В этот момент в зал вошел второй секретарь горкома. Он был невысокого роста, в импортном дорогом костюме. Сзади семенил Слава Добровольский и что-то горячо ему втолковывал. Лохнесский бросился навстречу гостю, оттеснил Славу, и указав на свободное место за нашим столиком.
– Вечно второй, – указал Снетков на главного гостя, – чтобы первым стать – стати не добрал. У нас руководитель должен быть крупным и харизматичным, а этот…
– Харей не вышел, – вклинился Гвоздев, – килограмм этак тридцать в дефиците. У нас с диких времен это повелось, когда вождями были сильные и здоровые. В продвинутых странах давно сообразили, что внешние показатели не самое главное, а мы все еще за главное качество мордатость держим.
Тем временем Лохнесский открыл, по его выражению, заседание, сказал, что дорогого гостя представлять не надо, но, учитывая присутствие нескольких новых членов, то есть любителей поэзии, – он взглянул на наш столик – мы его представим. Тут пошло нудное перечисление званий, должностей и заслуг второго секретаря. Я наклонился к Светке и сказал шепотом:
– Слышала? Нас с тобой тоже в члены зачислили, можешь теперь этим гордиться. Потом Маньке похвастаешься членством.
В этот момент вечно второй поставленным голосом начал свою речь:
– Дорогие товарищи!
Похоже, надолго, – подумал я и не ошибся. Докладчик остановился на рыночных реформах, которые идут тяжело. Дальше он попросил мыслящую и творческую интеллигенцию в нашем лице не поддаваться на провокации „демократов“, призывающих распустить все республики, и без того распущенные в своих амбициях. На предстоящем референдуме надо сказать твердое „да“ за сохранение СССР. А на вопрос, нужен ли России свой президент, надо ответить „нет“, так как на этот пост жаждет прорваться партийный отщепенец Ельцин. При этом оратор доверительно сообщил, что из достоверных источников знает о слабости Бориса Николаевича и что он Россию непременно пропьет.

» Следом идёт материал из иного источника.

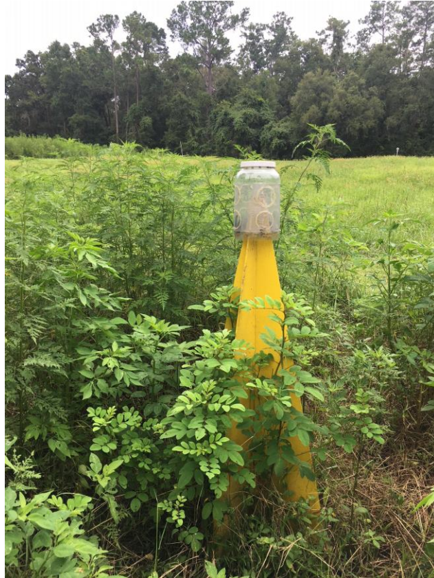
Figure 3. A yellow pyramid trap used to capture stink bugs. The trap is deployed in a field of hairy indigo.

Several yellow pyramid traps were deployed in NATL (Figure 3). This trap design is effective at collecting stink bugs, weevils and several other taxa. The addition of a multi-species pheromone lure increased trap capture.

Наконец второй перешел к культуре, которой партия уделяет большое внимание, и мы по-прежнему в области балета впереди планеты всей. В одном нашем районе… – тут последовало перечисление художественных коллективов, их заслуг, наград и званий.
В заключение второй поздравил советских женщин и пообещал закончить ремонт родильного дома раньше намеченного срока.
На этом деловая часть „заседания“ была завершена, и бразды правления вновь взял Лохнесский.
ПОЭЗИЯ В НАТУРЕ
Жора хотел было дополнить речь второго секретаря, но, видя бегающие глаза и сведенные скулы большей части присутствующих, решил сделать перерыв и дал команду к чаепитию.
Пока мы пили чай, Добровольский рассказал нам, как он успел выставить ряд претензий к партийному руководству города на его наплевательское отношение к работе общественной бани и пригласил второго секретаря посетить ее, чтобы убедиться, что пара в парилке действительно не хватает.
Светка с любопытством оглядывала зал:
– Как интересно...
– Интересно будет потом, – поведал ей Снетков, – когда Колю запустим.
Лохнесский попросил внимания и предложил приступить к чтению того сокровенного, что родилось в умах и сердцах его коллег по поэтической стезе. Определил регламент в пределах пяти минут на каждого. Для начала Жорж предоставил слово ветерану с тридцатилетним стажем как в партии, так и в поэзии.
Мы прослушали воспоминания о детстве и юности, благодарности за полученную когда-то после войны специальность и полученную недавно первую пенсию.
Дальше выступила крупных габаритов дама раннего пенсионного возраста. Она без утайки поведала о всепоглощающей страсти, озарившей ее когда-то на танцплощадке. Мы узнали, что зарождение любви происходило под аккомпанемент граммофона, из которого слышались сначала вальс, потом танго, а затем фокстрот, танцуя который, они с партнером потеряли головы.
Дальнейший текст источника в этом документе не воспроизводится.